Sometime, we don't get exact $t$ value because of the way how computers represent float numbers. We can see that $y(4) \approx 1.46$.

Second Order Equation

For example, we try to solve numerically $$\left\{\begin{align*} & y^{\prime\prime} + e^t y^\prime + ty = 3 \sin(2t) \\ & y(0) = 2, y^\prime(0) = 8 \end{align*}\right.$$ over $0 \le t \le 4$.

We set $y_0 = y$ and $y_1 = y^\prime$, then the above differential equation is equivalent to the system $$\left\{\begin{align*} & y_0^\prime = y_1 \\ & y_1^\prime = -ty_0 - e^t y_1 + 3\sin(2t) \\ & y_0(0) = 2, y_1(0) = 8 \end{align*}\right.$$

Rewriting the differential equation in the above equivalent form is necessary for us to define T.function correctly.

In [5]:
def f2(t, y):
    return [y[1], -t*y[0]-exp(t)*y[1] + 3*sin(2*t)]

T.function = f2
T.ode_solve(y_0=[2, 8], t_span=[0, 4], num_points=100)
T.plot_solution()
Out[5]:
In [6]:
T.solution[-1]
Out[6]:
(4.000000000000003, [3.641260138622823, -0.21523301500916253])

At $t = 4$, we have $y(4) = y_0(4) \approx 3.64$ and $y^\prime(4) = y_1(4) \approx -0.22$.

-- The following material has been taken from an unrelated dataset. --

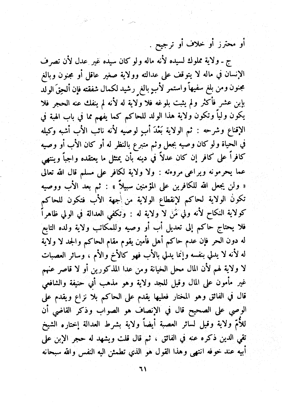 ج: ولاية مملوك لسيدة؛ لأنه ماله ولو كان سيده غير عدل؛ لأن تصرف الإنسان من ماله لا يتوقف على عدالته وولاية صغير عاقل أو مجنون وبالغ مجنون، ومن بلغ سفيهًا واستمر لأبٍ بالغٍ رشيد لكمال شفقته؛ فإن ألحقَ الولد بإبن عشر فأكثر ولم يثبت بلوغه فلا ولاية له؛ لأنه لم ينفك عنه الحجر، فلا يكون وليًا، وتكون ولاية هذا الولد للحاكم كما يفهم مما في باب الهبة في «الإقناع وشرحه» : ثم الولاية بَعْدَ أبٍ لوصيه؛ لأنه نائب الأب أشبه وكيله في الحياة ولو كان وصيه بجعل وثم متبرع بالنظر له أو كان الأب أو وصيه كافرًا على كافر إن كان عدلًا في دينه بأن يمتثل ما يعتقده واجبًا وينتهي عما يحرمونه ويراعى مروءته، ولا ولاية لكافر على مسلم، قال الله تعالى: {وَلَن يَجْعَلَ اللَّهُ لِلْكَافِرِينَ عَلَى المُؤْمِنِينَ سَبِيلاً} ثم بعد الأب ووصيه تكون الولاية لحاكم لإنقطاع الولاية من جهة الأب فتكون للحاكم كولاية النكاح؛ لأنه ولي مَن لا ولاية له، وتكفي العدالة في الولي ظاهرًا فلا يحتاج حاكم إلى تعديل أب أو وصية وللمكاتب ولاية ولده التابع له دون الحر؛ فإن عدم حاكم أهل فأمين يقوم مقام الحاكم والجد لا ولاية له؛ لأنه لا يدلي بنفسه وإنما يدلي بالأب فهو كالأخ والأم، وسائر العصبات لا ولاية لهم؛ لأن المال محل الخيانة ومن عدا المذكورين أو لا قاصر عنهم غير مأمون على المال، وقيل: للجد ولاية، وهو مذهب أبي حنيفة والشافعي. قال في «الفائق» : وهو المختار فعليها يقدم على الحاكم بلا نزاع، ويقدم على الوصي على الصحيح. قال في «الإنصاف» : هو الصواب، وذكر القاضي أن للأُّم ولاية، وقيل: لسائر العصبة أيضًا ولاية بشرط العدالة اختاره الشيخ تقي الدين، ذكره عنه في الفائق، ثم قال: قلت: ويشهد له حجر الإبن على أبيه عند خوفه. انتهى. وهذا القول هو الذي تطمئن إليه النفس، والله سبحانه

Differential Equation with Parameters

Sometime when we would like to study a differential equation with parameters and try to understand the behavior of the equation when the parameters vary. There is a way in SageMath to define T.function with parameters. Let us look at the following example: $$\left\{\begin{align*} & y^\prime + \epsilon y^2 = t \\ & y(0) = 0 \end{align*}\right.$$ over $0 \le t \le 10$. Analyze $y(10)$ of the equation as $\epsilon \to \infty$.

In [7]:
def f3(t, y, params):
    return [t - params[0] * (y[0]^2)]

We notice an extra argument params in the definition of f above. It is a list of parameters in the defferential equation. If we want to set $\epsilon = 0.2$ in the equation, we just need to pass a list params to T.ode_solve as follows.

In [8]:
T.function = f3
T.ode_solve(y_0=[0], t_span=[0, 10], num_points=100, params=[0.2])
T.plot_solution()
Out[8]:

Since we want to analyze $y(10)$ as $\epsilon$ goes to $\infty$, we can try $\epsilon = 1, 10, 100, 1000, 10000, \dots$ and list the corresponding $y(10)$.

In [9]:
T.function = f3
print 'epsilon \t y(10)'
for i in range(5):
    eps = 10^i
    T.ode_solve(y_0=[0], t_span=[0, 10], num_points=100, params=[eps])
    print eps, '\t\t', T.solution[-1][1][0]

epsilon 	 y(10)
1 		3.13675822167
10 		0.997484135111
100 		0.315977269577
1000 		0.099974984368
10000 		0.0316202761155

We might conclude from this experiment that $y(10) \to 0$ as $\epsilon \to \infty$.